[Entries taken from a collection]
########
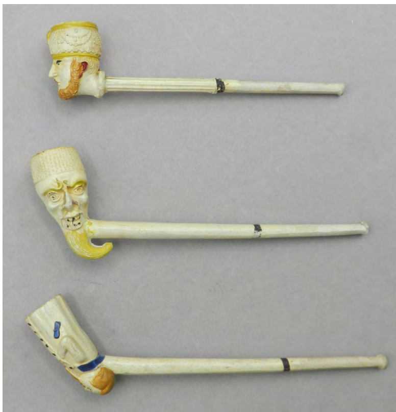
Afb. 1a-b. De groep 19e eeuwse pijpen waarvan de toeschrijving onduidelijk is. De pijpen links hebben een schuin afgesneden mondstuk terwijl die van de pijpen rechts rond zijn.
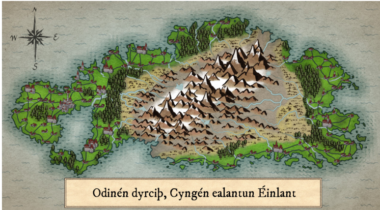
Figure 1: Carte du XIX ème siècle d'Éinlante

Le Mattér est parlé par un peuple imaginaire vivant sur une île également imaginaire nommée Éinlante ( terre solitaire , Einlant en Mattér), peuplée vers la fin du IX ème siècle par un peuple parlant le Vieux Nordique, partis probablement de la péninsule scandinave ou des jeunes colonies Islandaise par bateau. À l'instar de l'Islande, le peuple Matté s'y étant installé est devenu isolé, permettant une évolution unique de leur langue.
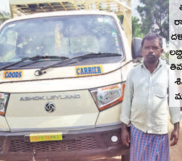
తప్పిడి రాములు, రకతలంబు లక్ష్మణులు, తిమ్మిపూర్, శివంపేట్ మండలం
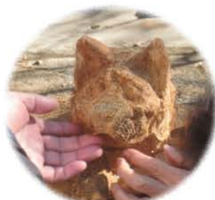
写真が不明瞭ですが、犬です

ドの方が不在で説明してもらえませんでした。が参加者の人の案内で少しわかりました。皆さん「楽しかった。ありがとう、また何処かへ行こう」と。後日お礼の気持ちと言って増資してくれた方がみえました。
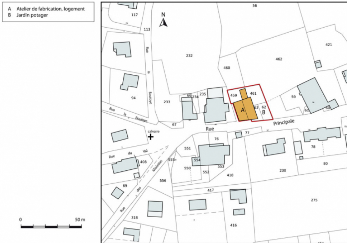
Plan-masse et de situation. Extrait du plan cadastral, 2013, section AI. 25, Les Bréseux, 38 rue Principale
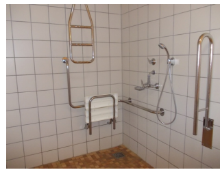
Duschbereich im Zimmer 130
########
WHAT YOU WILL DO ▸
Copy every line above exactly, leaving no picture in the copy.

REPLY ▸
Afb. 1a-b. De groep 19e eeuwse pijpen waarvan de toeschrijving onduidelijk is. De pijpen links hebben een schuin afgesneden mondstuk terwijl die van de pijpen rechts rond zijn.
Figure 1: Carte du XIX ème siècle d'Éinlante

Le Mattér est parlé par un peuple imaginaire vivant sur une île également imaginaire nommée Éinlante ( terre solitaire , Einlant en Mattér), peuplée vers la fin du IX ème siècle par un peuple parlant le Vieux Nordique, partis probablement de la péninsule scandinave ou des jeunes colonies Islandaise par bateau. À l'instar de l'Islande, le peuple Matté s'y étant installé est devenu isolé, permettant une évolution unique de leur langue.
తప్పిడి రాములు, రకతలంబు లక్ష్మణులు, తిమ్మిపూర్, శివంపేట్ మండలం
写真が不明瞭ですが、犬です

ドの方が不在で説明してもらえませんでした。が参加者の人の案内で少しわかりました。皆さん「楽しかった。ありがとう、また何処かへ行こう」と。後日お礼の気持ちと言って増資してくれた方がみえました。
Plan-masse et de situation. Extrait du plan cadastral, 2013, section AI. 25, Les Bréseux, 38 rue Principale
Duschbereich im Zimmer 130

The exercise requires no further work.